Data to use below:

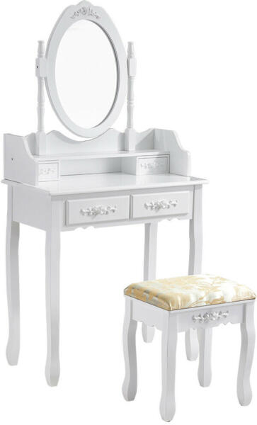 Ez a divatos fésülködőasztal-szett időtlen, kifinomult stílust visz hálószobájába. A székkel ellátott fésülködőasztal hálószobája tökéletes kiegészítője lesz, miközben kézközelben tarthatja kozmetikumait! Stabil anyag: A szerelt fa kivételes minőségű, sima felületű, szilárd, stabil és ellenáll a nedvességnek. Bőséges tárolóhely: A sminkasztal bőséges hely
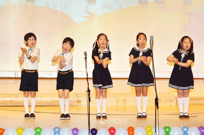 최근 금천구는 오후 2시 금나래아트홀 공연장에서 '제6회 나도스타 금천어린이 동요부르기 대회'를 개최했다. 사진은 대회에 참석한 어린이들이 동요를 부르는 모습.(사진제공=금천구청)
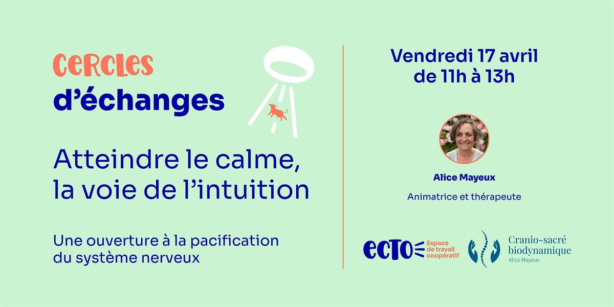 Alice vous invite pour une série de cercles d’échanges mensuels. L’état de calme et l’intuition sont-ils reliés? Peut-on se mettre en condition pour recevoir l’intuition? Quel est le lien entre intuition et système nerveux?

End of Data to use.
Data to use below:

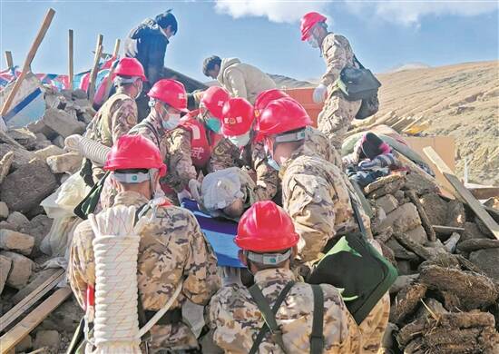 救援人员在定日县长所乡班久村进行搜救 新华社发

End of Data to use.
Data to use below:

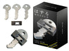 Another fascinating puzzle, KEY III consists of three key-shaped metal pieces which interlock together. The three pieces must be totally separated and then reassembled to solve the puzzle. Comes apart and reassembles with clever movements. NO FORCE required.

End of Data to use.

» **Instructions for the task**: Text only, no pictures: please print exactly the lines above from the line with "최근 금천구는 오후 2시" up to and including the line with "Alice vous invite", and nothing else.

» **Your response**:
 최근 금천구는 오후 2시 금나래아트홀 공연장에서 '제6회 나도스타 금천어린이 동요부르기 대회'를 개최했다. 사진은 대회에 참석한 어린이들이 동요를 부르는 모습.(사진제공=금천구청)
 Alice vous invite pour une série de cercles d’échanges mensuels. L’état de calme et l’intuition sont-ils reliés? Peut-on se mettre en condition pour recevoir l’intuition? Quel est le lien entre intuition et système nerveux?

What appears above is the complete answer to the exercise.